Maoism and El Salvador

Louis N Proyect lnp3 at columbia.edu
Wed Sep 13 07:43:34 MDT 1995


Matt D.
-------
That the electoral left in Peru is impotent at best and not unlikely a wolf
in sheep's clothing:  We need only recall the example of Duarte in El
Salvador.  This valiant champion of legality and human rights, who was
himself imprisoned under the first junta, went on to become a pliant tool of
the psychopathic Salvadoran military and the Reagan administration.  The
legal "left" in Peru also collaborates with a regime that has proven beyond
any shadow of a doubt that it is unwilling and unable to curb the most
horrific human rights abuses perpetrated by a government against its own
people in the hemisphere if not the world.  How "left" is that?

Louis
-----
A systematic comparison of the struggles in Peru and El Salvador and the
solidarity movements that sprang up to support them is, in fact, very
instructive:

1. A more meaningful example of how to deal with the "enemy" in El
Salvador is Guillermo Ungo, the social democrat who was publicly associated
with the FDR in El Salvador, and not Duarte. The Salvadoran
revolutionaries, unencumbered by Maoist sectarianism, were able to make
alliances with reformists such as Ungo. The Sendero would deal with
Peruvian versions of Ungo bureaucratically and violently.

2. CISPES developed in the United States as a broad-based solidarity
movement. I was a member of it for several years and it was my re-entry
into sane politics after 11 years of Trotskyite cultism. The solidarity
movement around Sendero is tightly controlled by Maoists and is mostly
a recruiting ground for their cults.

3. The tragedy about Sendero is not that it is ineffective. It is, on the
other hand, that they have actually tapped into the bitter resentment of
indigenous people who face class and racial oppression on a daily basis
but do not know how to lead this struggle to victory.

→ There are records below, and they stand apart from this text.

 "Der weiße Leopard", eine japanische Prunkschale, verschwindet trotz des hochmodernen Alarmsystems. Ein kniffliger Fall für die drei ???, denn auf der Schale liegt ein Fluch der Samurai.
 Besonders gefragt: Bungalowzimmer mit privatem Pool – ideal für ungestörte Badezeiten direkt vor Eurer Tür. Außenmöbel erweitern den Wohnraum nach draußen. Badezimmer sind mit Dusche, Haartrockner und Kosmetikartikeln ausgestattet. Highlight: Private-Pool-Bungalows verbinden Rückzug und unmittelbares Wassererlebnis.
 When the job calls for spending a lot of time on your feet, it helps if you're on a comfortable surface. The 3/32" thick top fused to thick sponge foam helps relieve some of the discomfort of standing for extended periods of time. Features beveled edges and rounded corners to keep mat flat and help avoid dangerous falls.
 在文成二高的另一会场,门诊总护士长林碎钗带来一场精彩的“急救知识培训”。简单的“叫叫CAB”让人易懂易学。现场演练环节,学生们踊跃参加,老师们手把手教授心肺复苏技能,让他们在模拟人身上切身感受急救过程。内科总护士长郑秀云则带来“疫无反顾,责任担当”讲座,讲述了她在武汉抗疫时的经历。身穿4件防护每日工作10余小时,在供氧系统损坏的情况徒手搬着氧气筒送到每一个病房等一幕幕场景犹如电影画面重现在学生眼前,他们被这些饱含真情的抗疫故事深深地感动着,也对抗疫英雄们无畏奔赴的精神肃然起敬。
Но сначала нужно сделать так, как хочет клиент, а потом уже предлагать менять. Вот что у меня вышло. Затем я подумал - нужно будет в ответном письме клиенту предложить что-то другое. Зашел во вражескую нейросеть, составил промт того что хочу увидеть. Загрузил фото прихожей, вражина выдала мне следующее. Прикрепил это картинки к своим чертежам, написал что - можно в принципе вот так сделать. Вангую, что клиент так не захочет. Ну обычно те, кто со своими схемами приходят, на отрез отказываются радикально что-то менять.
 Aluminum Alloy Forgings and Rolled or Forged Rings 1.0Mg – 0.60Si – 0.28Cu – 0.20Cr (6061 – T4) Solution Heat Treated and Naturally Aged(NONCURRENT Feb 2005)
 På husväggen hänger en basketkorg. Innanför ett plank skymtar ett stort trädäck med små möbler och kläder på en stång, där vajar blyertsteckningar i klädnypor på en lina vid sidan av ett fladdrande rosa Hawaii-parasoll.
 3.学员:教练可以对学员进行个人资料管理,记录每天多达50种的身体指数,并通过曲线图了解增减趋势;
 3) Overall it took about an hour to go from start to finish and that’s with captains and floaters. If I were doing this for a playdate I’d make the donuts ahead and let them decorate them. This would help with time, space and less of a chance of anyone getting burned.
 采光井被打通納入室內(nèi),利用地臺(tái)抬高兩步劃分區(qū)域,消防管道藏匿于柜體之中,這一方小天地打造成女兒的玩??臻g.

Hugo Blanco tapped into this powerful reservoir in the early 1960's, but
was hobbled by Trotskyite sectarianism. A revolutionary movement in Peru
would be forging links with established peasant's and worker's
organizations instead of building the equivalent of "united fronts from
below", the strategy of 3rd period ultraleft Stalinism. The reason
working people and peasants tend to orient to established organizations
is not simply that these organizations have "control" over their lives.
Until the oppressed have the wherewithal to create new institutions like
soviets, etc., they will tend to orient to existing bodies. By
counterposing new bodies totally under the control of Sendero to existing
"reformist" bodies, they make a classic sectarian mistake.